Saturday, 14 November 2009

slight complication in the epub game ...

good news and bad news time: Stanza does happily import pdf's and export them as epubs without difficulty. The bad news is that as most pdf's are created without a lot of the metadata fields filled in originating pdf, meaning the resulting epub created has the name of the document and the document author set to 'unknown'.

Stanza doesn't care - it opens the file you ask it to open and so if you've created a file called thing.epub it will open the file as thing.epub.

The Cool-er is annoyingly cleverer. It knows the file is an epub so it opens the epub file to display the document name - not the filename, and of course as the document name is unknown as it was never set in the original pdf that's what you get - a document called unknown (and often created by unknown). If you have two such documents it picks the first one it finds and doesn't display the second - logical but annoying.

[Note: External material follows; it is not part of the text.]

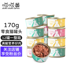 喵喵酱(MIAOMIAOJIANG)猫罐头湿粮罐头幼猫猫咪营养猫零食大肉块170g /罐12罐 /箱 金枪鱼+虾170g*12罐/箱
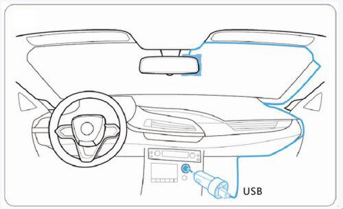 1、首先将存储用的SD卡插入行车记录仪,然后通过USB线连接车载充电器与电源线,为Wi-Fi行车记录仪通电。

So the next stage is to unpick an existing epub - edit the files appropriately and then zip them back together ....

a little later ...

which following the jedisaber.com tutorial turned out to be fairly easy.

Let us say we're editing a file called lnt.epub - my sequence was:

$ mv lnt.epub lnt.zip
$ unzip lnt.zip

edit the following files on the OEBPS directory using the text editor of your choice

content.opf
toc.ncx
title.xhtml

replacing all the unknowns with appropriate text - title, author etc

then

$ zip -r lnt.zip OEBPS/content.opf OEBPS/toc.ncx OEBPS/title.xhtml

(if you're feeling paranoid or your version of zip doesn't support this could be done as three separate commands)

$ mv lnt.zip lnt.epub

Check the result with Stanza. Now this is where there's a problem - in my version there are two spurious unknowns. Now originally I didn't edit the title.xhtml file and that produced an epub with four spurious unknowns. Editing the title.xhtml file got rid of two of them so I'm guessing there are a couple of other fields - and certainly changing the appropriate values in part1.xhtml got rid of the unknowns, even though I didn't change the values in part2.xhtml - something I thought might provoke an error by the application parsing the epub

Now I'm hacking this - the jedisaber tutorial doesn't mention doing this so I'm going to guess I'm working with a revision to the format which I don't quite understand as yet, certainly there should be a way of supressing these values ...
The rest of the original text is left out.